You'll notice it's a replica of the original feature-wise data distribution visualization code -- the difference is that now you should be able to see slight alterations in the zero-invalid features now that they've been appropriately imputed with mean-based or median-based replacement methods.

In [None]:
dataset.hist(rwidth=0.95, figsize=(12, 12))

As a final sanity check for this analysis, you can also distribute your data in another feature-wise method with respect to each feature's general impactfulness on the target.

In this case, the dataset's target feature is measured as **`Outcome`**, so the relevant feature-wise plot can be constructed as such.

In [None]:
sns.pairplot(dataset, hue="Outcome", palette="husl")

And lastly, you can produce a heatmap to measure correlational values between each pair of features.

This is extremely useful to build an intuition for basic feature selection or reduction, as well as to gain a broad understanding of where signal is distributed across the data.

In [None]:
plt.figure(figsize=(12, 10))

sns.heatmap(dataset.corr(), annot=True, cmap="RdYlGn")

Now that relevant predecessory data analysis and visualization has been conducted successfully, you're ready to move on to machine learning and finally developing your algorithmic sample platter!

---
---

For starters, as with every machine learning analysis, you start by identifying the relevant target variable across the dataset and isolating it in order to produce **`X`** and **`y`** data segments.

In [None]:
TARGET = ["Outcome"]

X, y = dataset.drop(columns=TARGET, axis=1), dataset[TARGET]

Once the data has been segmented, generally it's acceptable to move directly on to further segmentation into training and testing splits.

However, it's good practice when conducting machine learning to scale and normalize the data prior to predictive modeling -- especially when working with some types of classifiers such as ones that use distance-based metrics (e.g.
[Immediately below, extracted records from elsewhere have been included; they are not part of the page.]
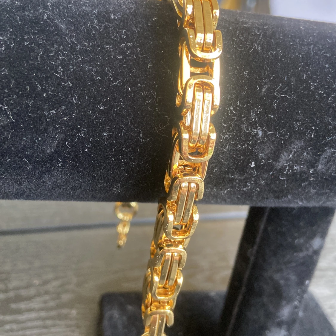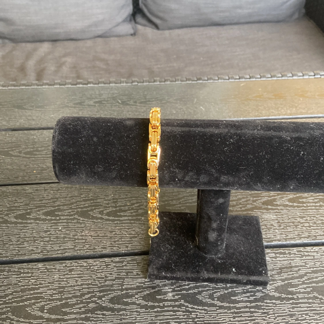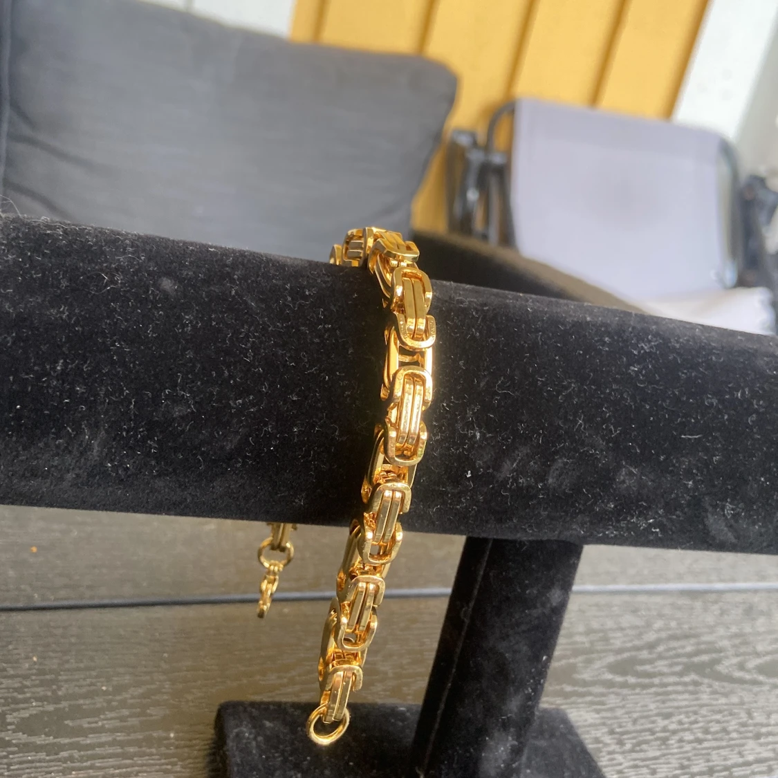 Snyggt guldigt armband med chunky länkar som ger en cool och modern vibe. Länkarna är rektangulära och har en blank finish som verkligen poppar. Perfekt för dig som vill ha ett statement piece till din outfit. Lätt att matcha med andra smycken och accessoarer.
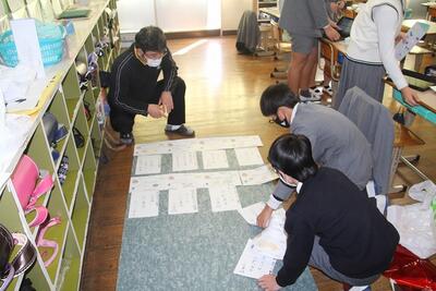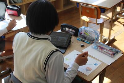 学校給食記念週間の作品作りを行いました。6年生が好きな給食メニューや標語をかいていました。給食メニューのイラストを描く際には、タブレットPCを活用していました。この作品は商業施設や公共施設にて展示されます。ぜひご覧ください。
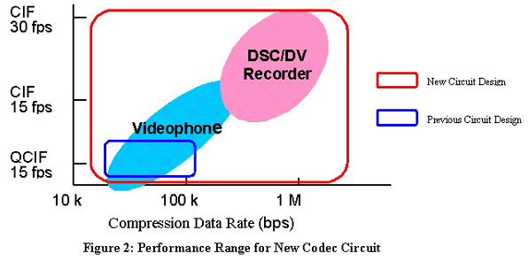 Results from the test chip show that the codec circuit can operate on as little as 9 mW, the lowest power requirements yet achieved in the industry, when used to simultaneously compress and decompress the QCIF-sized (176 x 144 pixel), 15 frames-per-second signal needed for a wireless videophone. This design can both generate and play back higher-quality video streams up to CIF size (352 x 288 pixel) at 30 fps, or 2 Mbits per second (see Figure 2).
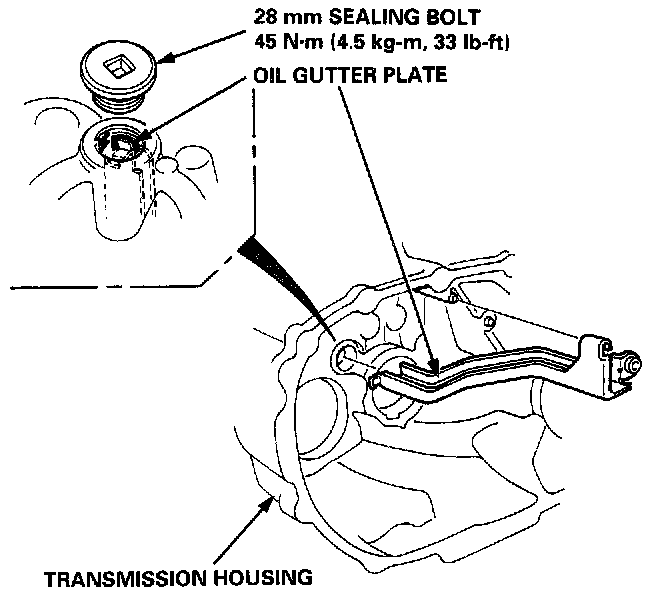 NOTE: Bend the hook of the oil gutter plate into the hole on the transmission housing.
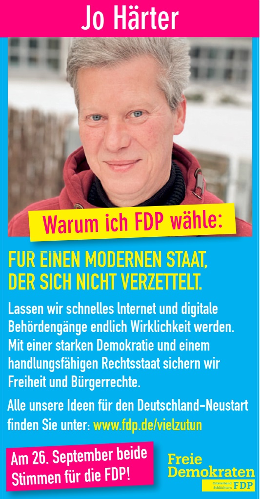 Schlüchtern. „Lassen wir schnelles Internet und digitale Behördengänge endlich Wirklichkeit werden. Mit einer starken Demokratie und einem handlungsfähigen Rechtsstaat sichern wir Freiheit und Bürgerrechte“, fordert Jo Härter und formuliert liberale Positionen zur Bundestagswahl.
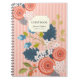 Uma ilustração bonita decora a esta Primavera ou o jardim que do verão o livro de hóspedes temático do casamento que seja decorada com as flores do abricó e do ranúnculo do coral, cora e pica as flores de cerejeira, os botões florais azuis e as hortaliças assorted em um pêssego do abricó e em um fundo branco do teste padrão da listra. O design temático do jardim na moda e contemporâneo é perfeito para o primavera, o verão, ou casamentos exteriores.

KNN, SVM).

As such, you'll make use of the **`StandardScaler()`** module to scale the data prior to further segmentation and fitness.

To start, you'll instantiate and declare the relevant data structure.

In [None]:
scaler = StandardScaler()

Now that the relevant data structure is instantiated, you can fit and transform it against the independent data (**`X`**).

This can be done in two explicit lines of code (one calling **`.fit()`** and one calling **`.transform()`**) but for brevity's sake, it can also be done and is recommended to be performed in one hybridized call of **`.fit_transform()`**.

In [None]:
X_scaled = scaler.fit_transform(X)

Notice that the last cell produces a new copy of the data that retains scaled changes, referred to as **`X_scaled`**.

This is good practice when performing post-analysis dataset alterations: to persist major changes across copies of the originally processed data such that it's easier to track how said changes impact modeling performance.

It's important to make sure that references to the independent data are updated across future steps of machine learning analysis to reflect correctly across the newly scaled data rather than the original copy.

As such, the subsequent training/testing segmentation call will reference the newer copy **`X_scaled`** as opposed to the original.

In [None]:
X_train_scaled, X_test_scaled, y_train, y_test = train_test_split(X_scaled, y,
                                                                  train_size=0.7,
                                                                  test_size=0.3,
                                                                  random_state=42)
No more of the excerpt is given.